If I could ask one more question, how are updates handled? The "EVISCERATED" model I am still tinkering with which layers I am removing. The last rendition I uploaded a couple hours ago works pretty well, but gets a bit repetitive which I think is a symptom of my LLM Brain surgery. So if I update that model, does your process detect/and requant/upload as well?
Also I would be super curious about your pipeline you use for handling all of this, if you have blogged or posted about it :D
Thank you!
I made a new pruned moe that works way better.
https://huggingface.co/SuperbEmphasis/Velvet-Eclipse-v0.1-4x12B-MoE-EVISCERATED
And I have no idea how your pipeline works, so apologies if this is annoying to you. I noticed a lot of people downloaded your imatrix gguf (which is awesome). But I'd love to get the better working pruned one gguf'd using your process!

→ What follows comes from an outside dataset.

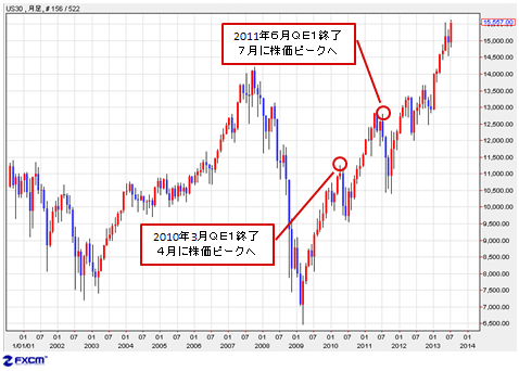 ■QE3縮小の1カ月後に株価はピークを迎えるだろう
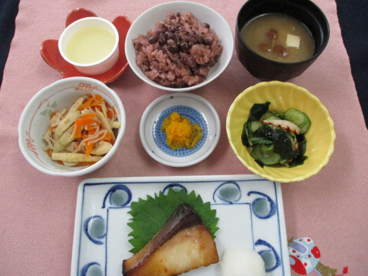 お赤飯、豆腐となめこのみそ汁、ぶりの照り焼き、細竹と豚肉の炒め煮、きゅうりとたこの和え物、つぼ漬、和梨ゼリー

That's interesting. Another different is I am not using llama-cli, I am using llama-server for the openai api. I wonder if the check does not exist in the llama-server binary?
That's it. @nicoboss looks like a bug in llama.cpp, what do you think?
And I have no idea how your pipeline works, so apologies if this is annoying to you.
It's not annoying. Or rather, you are not annoying, llama.cpp is annoying, no stable releases, no quality control etc. ;)
Anyway, our pipeline is pretty simple, we convert the model, quantize it, possibly create an imatrix. Since there is a relatively high failure rate, we "recently" started to test-run models, so we catch problems before we do a costly static quantize + imatrix calculation.
Unfortunately, both llama-imatrix and llama-cli do contain this check, and it looks pretty deliberate (still looks like a bug, imho, since the model clearly works. it currently affects >>150 models though, not just yours).
Thanks @mradermacher !
Could I request that:
https://huggingface.co/SuperbEmphasis/Velvet-Eclipse-v0.1-4x12B-MoE-EVISCERATED (Not the 3x12B model, or the other 4x12B model) get an update? When this first fired off, I was experimenting with removing 4 layers, but this caused lots of repetition. I have since remade the model to only prune out 2 layers in each of the 4 12B models, and it works much better, but anyone downloading the old quants will have poor results.
Thank you for your awesome work!
Sure, but may I suggest making a new repo next time? It's very hard to see (and practically impossible to link to) specific commits - even huggingface doesn't do it and will simply link to the wrong model. It also allows us to keep both models, which is useful if the old model is not totally broken (I've seen lots of "improved" models that actually work worse, but the creator thought it was simply better).